Она перечитала написанное, тщательно выделила запятыми все придаточные предложения, перекрестилась и наклеила марку:

— Будь что будет! Петербург… его высокоблагородию писателю Андрею Бахмачеву, редакция журнала «Земля и Воздух».

* * *

В ресторане «Амстердам» было так накурено, что стоящий за стойкою буфетчик казался порою отдаленным от земли голубыми облаками, как Мадонна Рафаэля.
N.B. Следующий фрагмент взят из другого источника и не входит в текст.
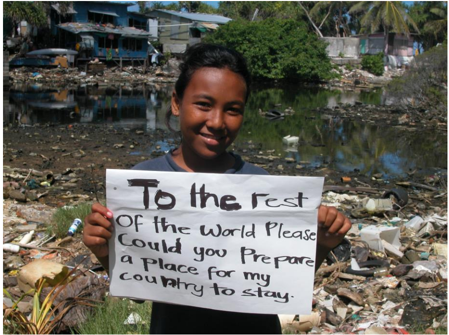
Figure 6: A girl with a "To the rest of the world" survival message from Tuvalu

slow responses from other agencies in the region.
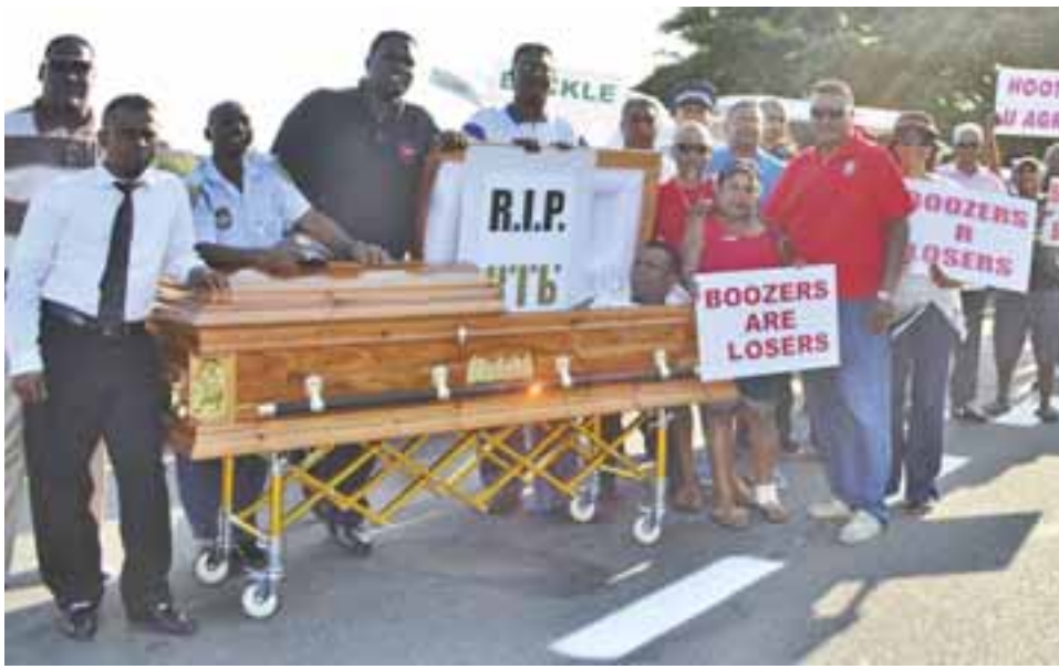
Community members, together with various organisations, who were present at the event.
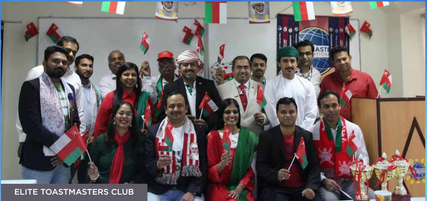
ELITE TOASTMASTERS CLUB

“When the world relaxes, we sharpen our axes”. This has been and is the mantra of Elite Toastmasters Club, the club that was chosen as the “Best Club for members in Oman” by the District for the year 2019-20. True to the tag line, our club has grown by leaps and bounds over the years and this eventually led to us winning the coveted award.
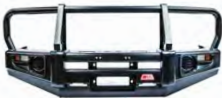
● MCC CLASSIC BAR : 004 - 02 Optional add on fog lamp kit 110 mm.
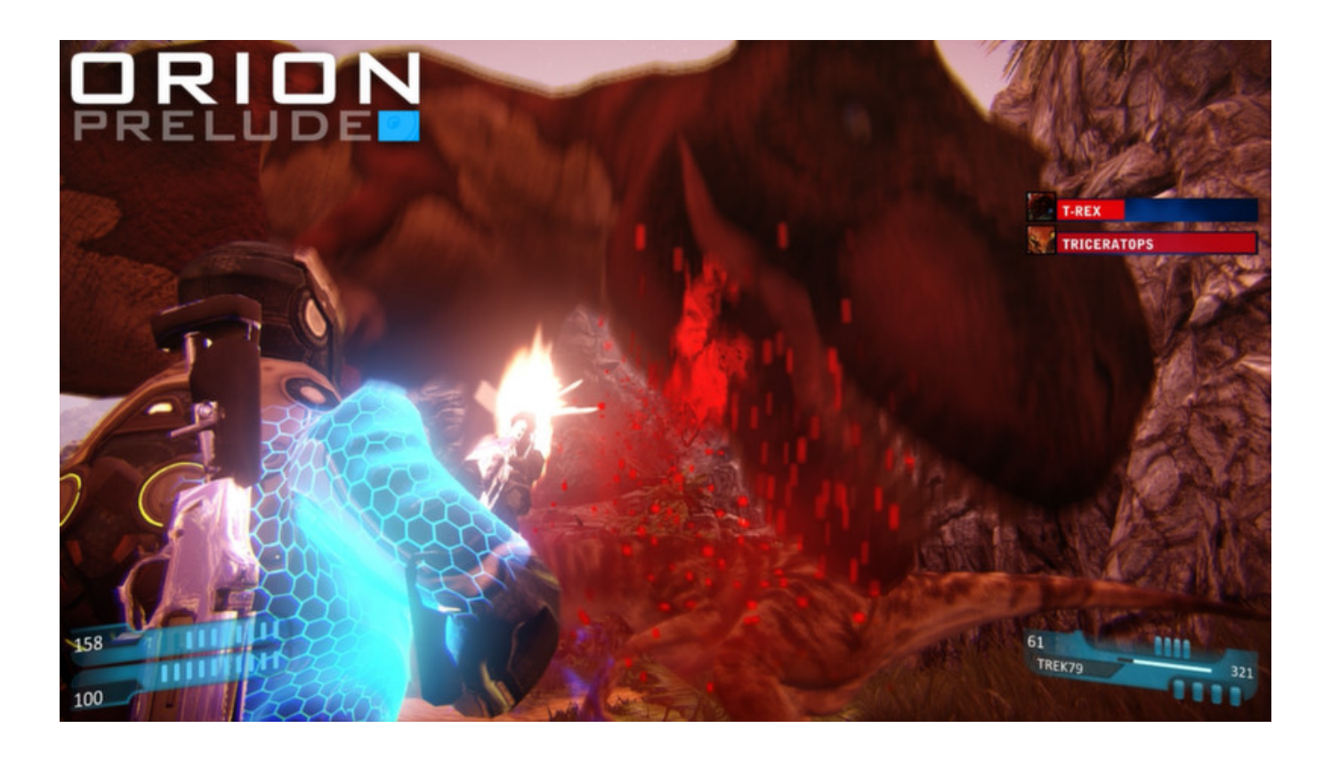
Download ->->-> <a href="http://bit.ly/2SLbwiC">http://bit.ly/2SLbwiC</a>

ORION: Prelude Torrent Download [Xforce]

Бахмачев, Козин и Фейнберг пили коньяк и беседовали. Тема разговора была самая захватывающая. Волновала она всех одинаково, потому что все трое были писатели, а тема касалась и искусства, и литературы одновременно. Одним словом, говорили они о том, что актриса Лазуреводская, по-видимому, изменяет актеру Мохову с рецензентом Фриском.

— Болван Мохов! — говорил Бахмачев. — Отколотил бы ее хорошенько, так живо бы все Фриски из головы выскочили.

— Ну, это могло бы ее привлечь к Мохову только в том случае, если она садистка! — заметил Фейнберг.

— При чем тут «садистка»? — спросил Козин.

— Нуда, в том смысле, что если бы ей побои доставляли удовольствие.

— Так это, милый мой, называется «мазохистка». Берешься рассуждать, сам не знаешь о чем!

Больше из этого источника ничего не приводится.